PR# 13816 Allocating large ARRAY [DOUBLE] causes floating point exception
Problem Report Summary
Submitter: prestoat2000
Category: Runtime
Priority: Medium
Date: 2007/12/21
Class: Bug
Severity: Serious
Number: 13816
Release: 6.1.71477
Confidential: No
Status: Analyzed
Responsible: alexk_es
Environment: Mozilla/5.0 (X11; U; SunOS i86pc; en-US; rv:1.8.1.9) Gecko/20071111 Firefox/2.0.0.9
Solaris 10 on x86
Synopsis: Allocating large ARRAY [DOUBLE] causes floating point exception
Description
Allocating a large ARRAY [DOUBLE] (16777210 to 16777214 elements) causes a floating point exception instead of a "no more memory" or "object too big" exception. This seems to indicate a bug in the runtime.
To Reproduce
Compile with attached class and config file. Execute system with argument 16777210 (or any bigger number <= 16777214). System execution terminates with: ------------------------------------------------------------------------------- RUN-TIME root's set-up Floating point exception: <0000000000000000> Floating point exception. Exit -------------------------------------------------------------------------------
Problem Report Interactions
I extended test runtime015 to show that there are still some array sizes that cause a seg fault instead of "no more memory".
The incorrect tcf instructions (using execute_work instead of execute_final when system had just been finalized) were actually in test runtime012. I fixed them. But the other issue pointed out previously remains.

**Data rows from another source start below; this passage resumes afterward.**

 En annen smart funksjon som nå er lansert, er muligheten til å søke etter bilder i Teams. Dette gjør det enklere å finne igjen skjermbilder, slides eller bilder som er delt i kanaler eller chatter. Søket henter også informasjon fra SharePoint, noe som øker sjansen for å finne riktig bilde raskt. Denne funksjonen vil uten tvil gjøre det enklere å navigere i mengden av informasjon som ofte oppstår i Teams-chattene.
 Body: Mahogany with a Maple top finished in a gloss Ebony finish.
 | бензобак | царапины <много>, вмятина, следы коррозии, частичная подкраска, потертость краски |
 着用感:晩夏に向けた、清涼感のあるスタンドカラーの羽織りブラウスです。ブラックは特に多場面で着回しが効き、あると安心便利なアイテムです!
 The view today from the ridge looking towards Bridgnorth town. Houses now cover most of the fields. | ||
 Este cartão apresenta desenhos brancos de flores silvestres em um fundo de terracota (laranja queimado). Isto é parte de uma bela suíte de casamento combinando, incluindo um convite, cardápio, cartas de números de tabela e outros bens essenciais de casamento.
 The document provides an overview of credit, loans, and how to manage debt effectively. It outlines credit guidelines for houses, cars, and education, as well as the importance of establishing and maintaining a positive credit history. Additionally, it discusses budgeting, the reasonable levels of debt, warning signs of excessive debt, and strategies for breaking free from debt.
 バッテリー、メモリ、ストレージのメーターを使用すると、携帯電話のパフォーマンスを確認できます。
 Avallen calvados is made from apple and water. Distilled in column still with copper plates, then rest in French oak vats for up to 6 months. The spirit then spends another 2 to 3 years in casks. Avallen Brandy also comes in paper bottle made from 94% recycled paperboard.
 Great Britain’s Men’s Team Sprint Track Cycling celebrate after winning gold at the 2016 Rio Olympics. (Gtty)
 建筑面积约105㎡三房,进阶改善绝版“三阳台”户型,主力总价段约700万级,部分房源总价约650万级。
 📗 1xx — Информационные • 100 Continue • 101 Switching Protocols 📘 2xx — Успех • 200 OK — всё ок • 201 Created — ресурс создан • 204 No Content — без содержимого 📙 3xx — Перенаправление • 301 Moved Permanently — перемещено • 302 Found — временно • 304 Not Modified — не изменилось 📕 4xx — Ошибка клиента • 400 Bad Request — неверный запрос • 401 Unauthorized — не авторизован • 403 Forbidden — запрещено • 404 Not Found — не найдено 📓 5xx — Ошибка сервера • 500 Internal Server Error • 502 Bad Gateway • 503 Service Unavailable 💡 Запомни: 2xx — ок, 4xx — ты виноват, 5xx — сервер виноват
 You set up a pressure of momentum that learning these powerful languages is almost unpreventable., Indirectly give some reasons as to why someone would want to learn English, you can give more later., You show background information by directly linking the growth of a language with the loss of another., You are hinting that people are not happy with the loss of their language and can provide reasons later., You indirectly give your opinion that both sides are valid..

This problem does not seem to be completely fixed. If I melt with the class and config file from the original report (not freeze) and then execute marten 44% EIFGENs/test/W_code/test 16777210 Segmentation fault Execution of frozen code ends normally, with no seg fault or exception trace. Also, I noticed in the tcf file for eweasel test runtime015 several places where system was finalized but then the workbench version was executed (lines 41 and 54 of the tcf). Unless I am missing something, these need to be execute_final instructions instead of execute_work. So I think the tcf file needs to be extended to cover the melted case, as well as fixing the incorrect "execute" instructions.
Fixed in rev#80953 of EiffelStudio 6.5 intermediate release.
Extended test#runtime015 to cover this issue.
Ran system under dbx and got the following call stack when FPE occurs: signal FPE (integer divide by zero) in scollect at 0x8cc07be 0x08cc07be: scollect+0x0352: idivl %ecx,%eax (dbx) where =>[1] scollect(0x8cc16c4, 0x0), at 0x8cc07be [2] plsc(0x80470c4, 0x8cfd78c, 0x80470d8, 0x8cb0510, 0x80470d8, 0x8cb0518), at 0x8cc16bc [3] reclaim(0xfeffa7d8, 0x8cb0479, 0x8cfd78c, 0x80470c4, 0x8047218, 0x80470d8), at 0x8cc09a6 [4] main(0x2, 0x8047108, 0x8047114, 0x80470fc), at 0x8cb0518 In `scollect', the only divisions by a non-constant are division by `nbstat' or `nbstat - 1'. So apparently `nbstat' is 0 or 1. `nbstat' comes from nbstat = ++nb_stats[i]; where `i' is an argument to `scollect'. Since the call is from `plsc', it looks like `i' is GST_PART (which is 0). I'll let you figure out the rest.